Почти всю свою жизнь Алексей Львович Антонов – Асин отец – провел на Востоке. Война застала его за границей. В который уж раз он пытался удержать на полотне зыбкие краски заката, тонущего в сером Каспии.
Незадолго до этого одну из ранних картин Антонова приобрела Дрезденская галерея. После долгих лет подвижничества и мытарств забрезжила надежда на признание и благополучие. Алексей Львович уже мечтал о том, как поедет осенью в Египет, а вернувшись, поселится окончательно в Ташкенте, где в родительском доме жила его небольшая семья – жена, недавно окончившая Бестужевские курсы, и трехлетняя дочь Ася.
Тридцатилетний русский художник остался за рубежом. Граница закрылась, жена и дочь остались по ту сторону. Лучшие работы Антонова, отправленные им на венский аукцион, потерялись в пути. Жить стало трудно, и Алексей Львович отступил от священных правил, усвоенных в Петербургской академии художеств: он согласился расписать стены в светском дворце, недавно выстроенном на юге. Жена его, как стало ему известно, добровольно пошла работать в холерный барак, заразилась и умерла, оставив Асю на попечение семьи иерея Ташкентского. Девочке в ту пору исполнилось семь лет. Священник забрал ее с собой в Баку, а оттуда он вместе с англичанами бежал за границу. Туда, в пыльный старый город, приехал Алексей Львович, чтобы забрать Асю, и остался здесь навсегда.

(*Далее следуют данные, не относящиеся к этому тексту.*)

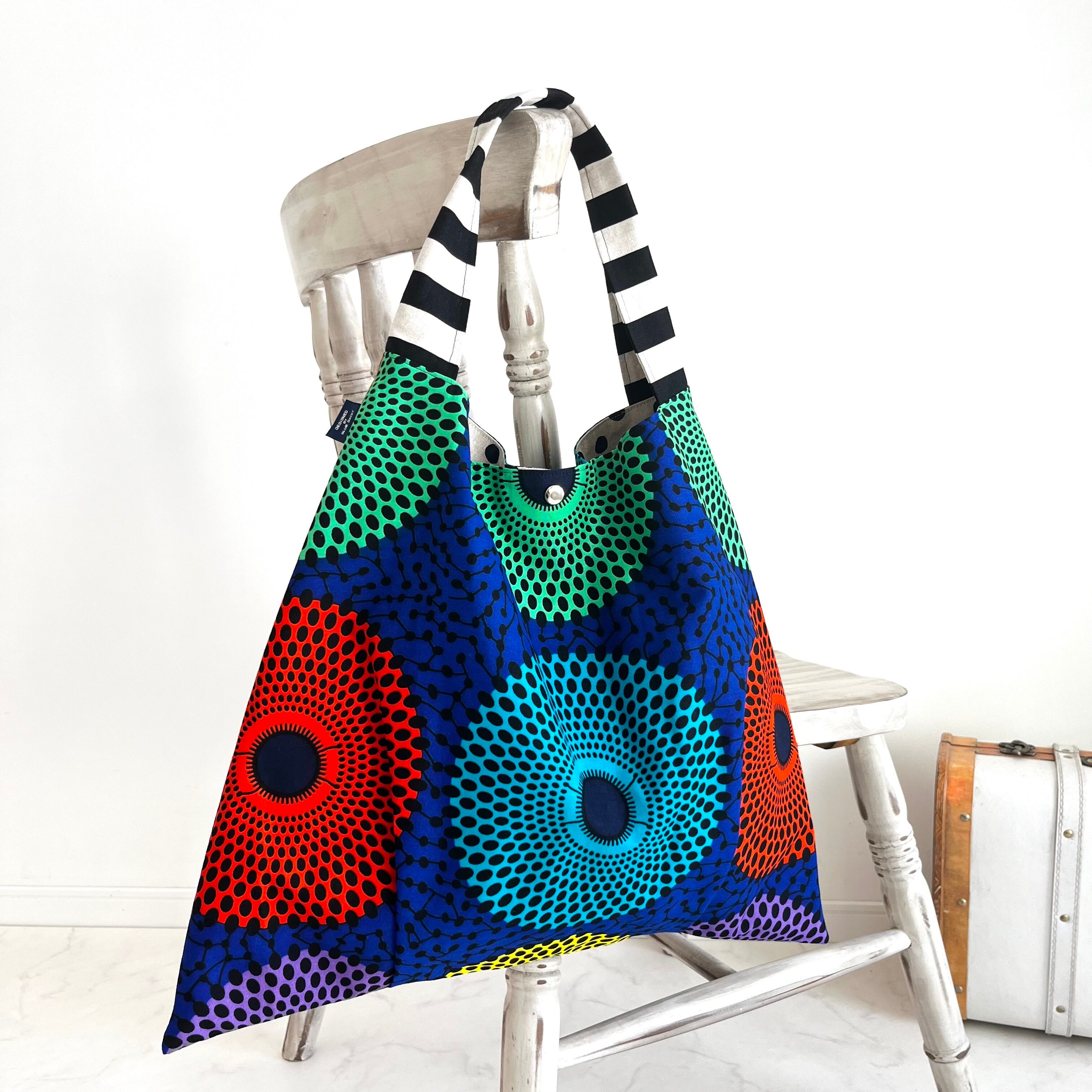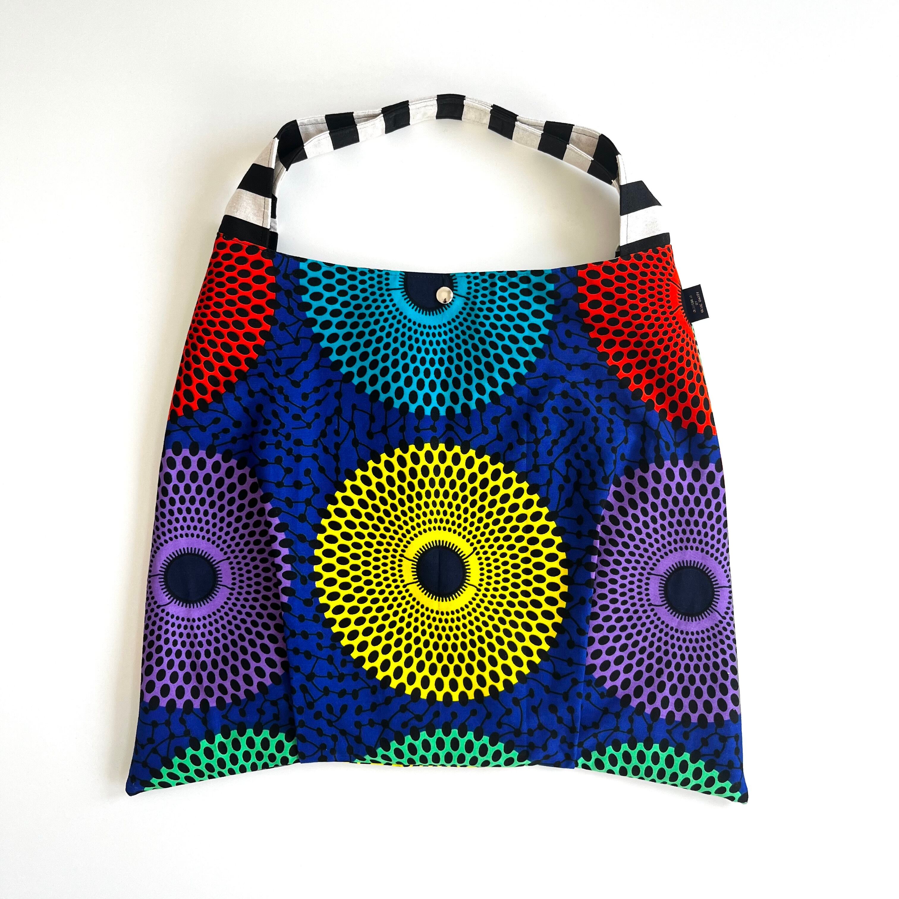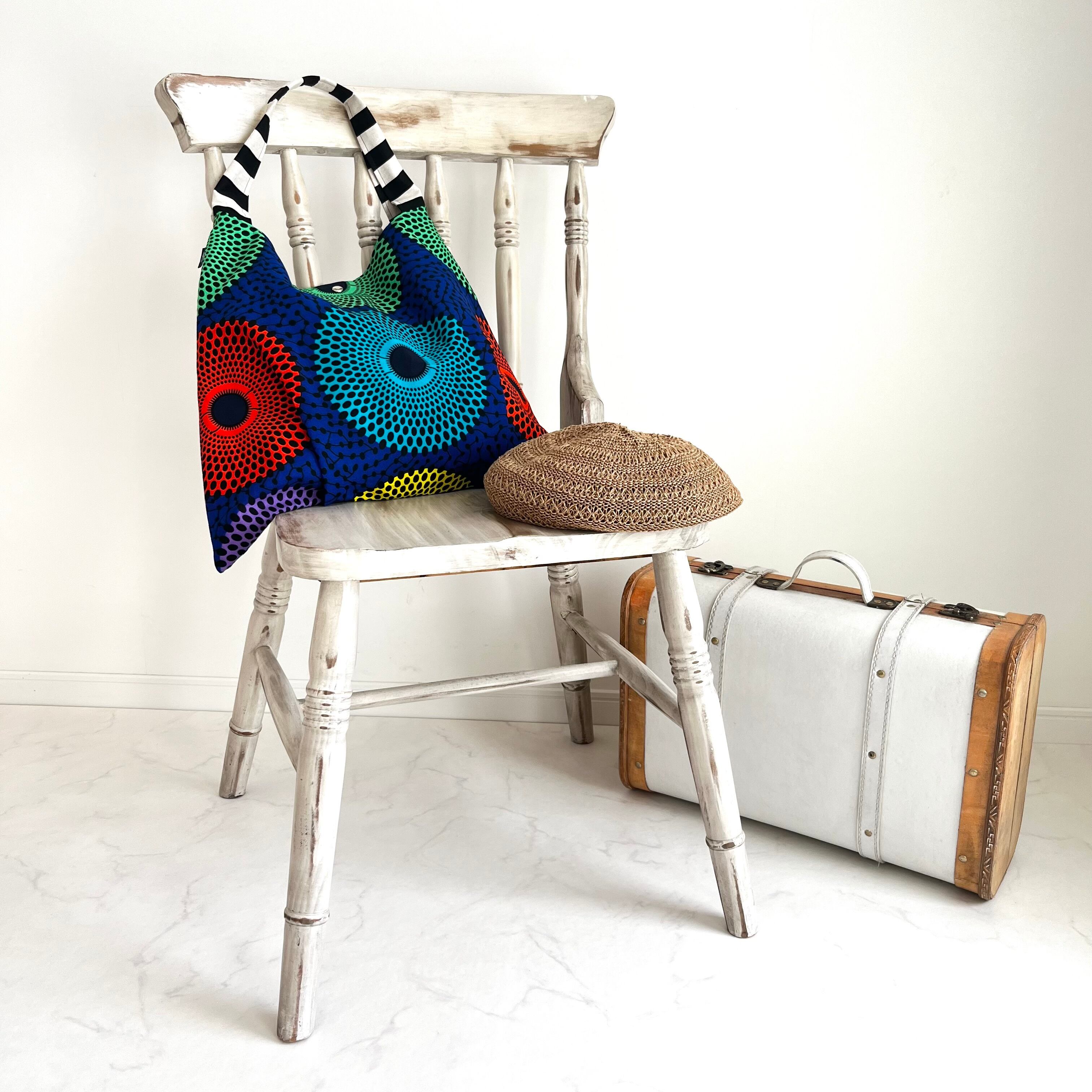 さんかくバッグ アフリカ布 水紋柄/ブルー×マルチカラー

Несколько лет Ася служила у Хюгеля, исправно являясь к половине девятого, но неожиданно для всех ушла со службы. Пересуды мгновенно взбудоражили тесный эмигрантский мирок. Даже Алексей Львович осмелился спросить заплетающимся языком: «Немец тебя обидел? Да, Асенька?» – «Я обидела его, – ответила Ася. – И не будем никогда возвращаться к этому. Умоляю тебя, папа!»
Однажды в полночь Ася ушла вместе с князем Владиславом Синяевым, до той поры откровенно презираемым ею.
Незадачливый, хотя и сохранивший великолепную осанку, отпрыск князей Синяевых задохнулся от счастья. Теперь по вечерам он сидел на скамеечке у Асиных ног, бережно держа ее за руку, и гораздо реже выбегал в прихожую нюхнуть кокаину.
Но вскоре Владик надолго исчез, а вернувшись, все в той же кофейне «Роза Ширака» сильно напился, расплакался, смешал коньяк с ликером, выпил и произнес речь о том, что в Асе нет ничего хорошего, что она холодна, как лягушка. Аскар-Нияз тоже был изрядно пьян, однако он взял Владика за грудки и потребовал, чтобы он замолчал.